I’ve increasingly found myself nodding and giving a "hell yeah!" to the writings on Jay Small’s Small Initiatives blog. The former Belo Interactive-now Scripps executive’s second post in his series on "Saving Newspapers" reads like our business plan, save for his optimism about segmenting print editions.
(There are a lot of smart people– Jay, Vin Crosbie, Sammy Papert among them– who advocate individualizing print editions. I buy it on the manufacturing side, but it’s the distribution that I can’t get my head around. Maybe at a less-than-daily frequency delivered by mail, but I can’t see the carriers making the shift to thinking about which paper goes on which doorstep.)
Jay’s basic premise for the "Daily Me" is right on, though:
Newspaper managers have to stop blindly assuming they are
producing the only — or the best — news product their readers see
every day. That assumption is what puts Bush/Putin in the lead
spot on A1, and allows all the local sportswriters to doze because no
high school events happen to be played on Sundays.
Be sure to catch the bulleted suggestions for how best to fill the paper at the end of the post.
And, in a post on Craigsnews, Jay hits on the business problem that I think most of the citizens journalism outfits are up against:
That’s why I believe most community journalism efforts as currently
conceived, minus an overlay of agenda-setting professional reporting by
someone (I’m not presuming that’s established media, just not
occasional, amateur practitioners), will eventually fail one of two
- Drying up to become an empty world once the amateurs grow weary of the poor work/reward ratio.

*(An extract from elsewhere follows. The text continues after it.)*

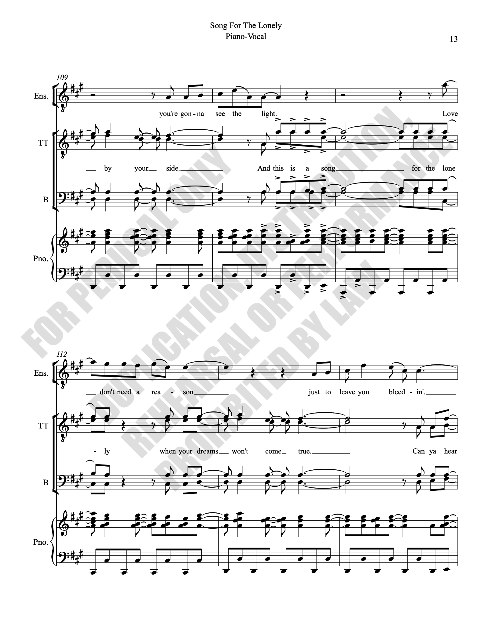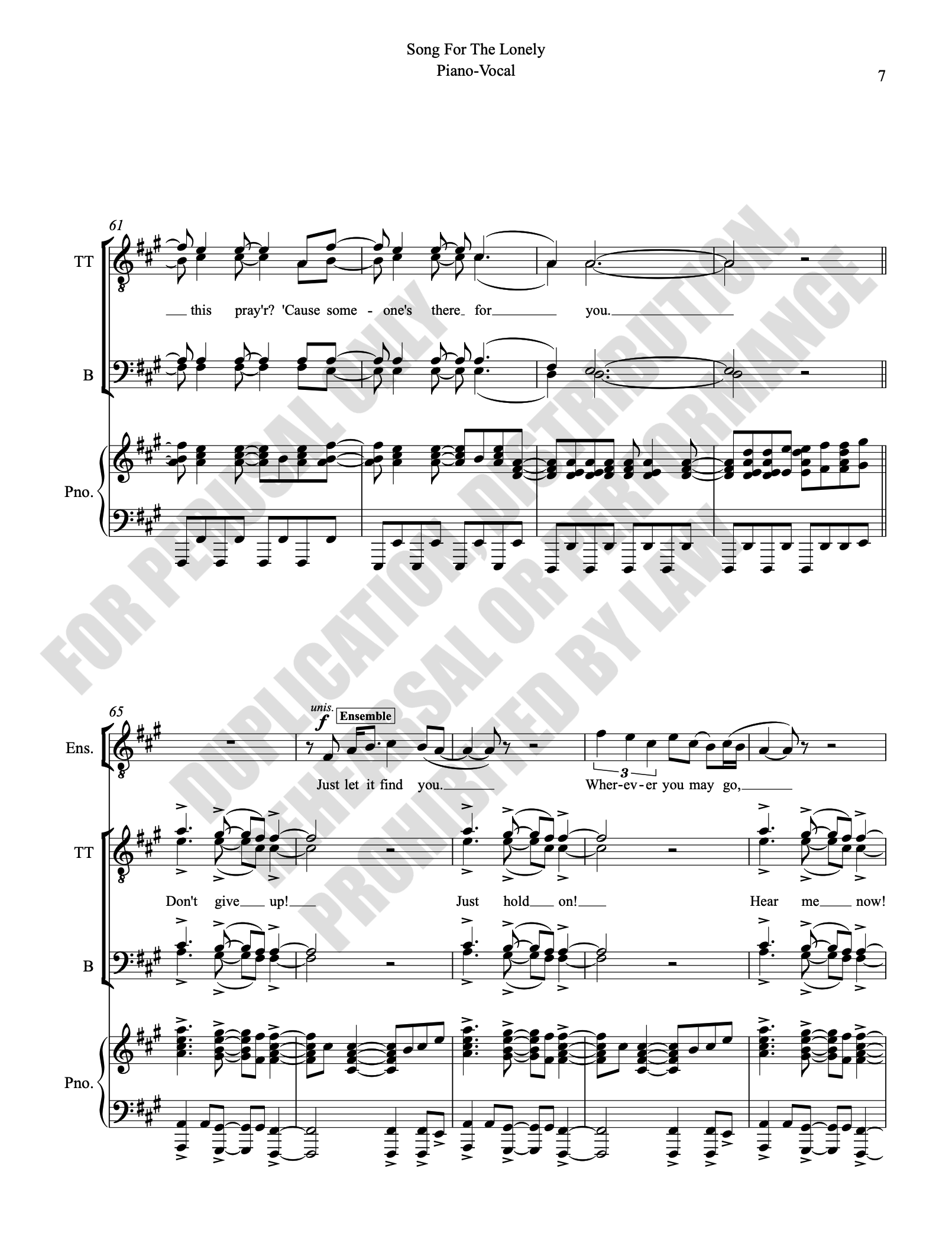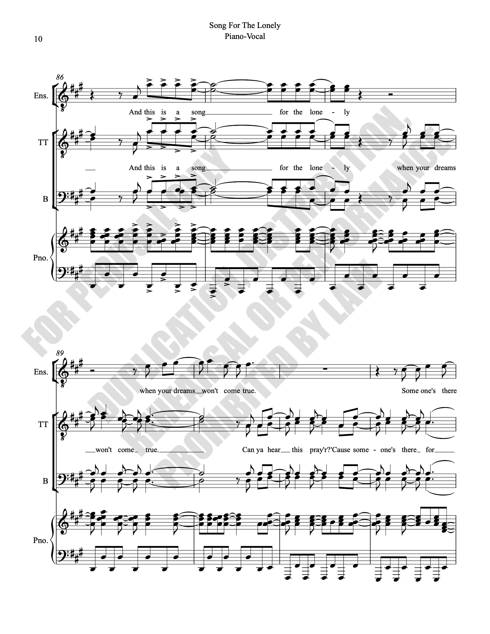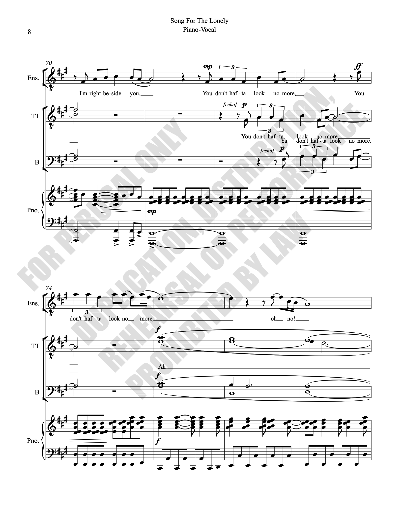 Note: Copyright law requires the purchase of one (1) piano-vocal copy per singing individual, inclusive of conductor and accompanist. Enter the number of performers under Quantity when ordering.

- Remaining robust in terms of quantity of content, but with a terrible signal-to-noise ratio.
I’m not sure I want to be right about this. Someone prove me wrong.
We hope to prove him wrong, but if we do, I think it will be by producing a hybrid. And that’s our biggest challenge — figuring out a way to provide consistency from professionals and a respectful, open environment for citizens while still making a buck.
UPDATE: Jay provides a scenario for segmented distribution.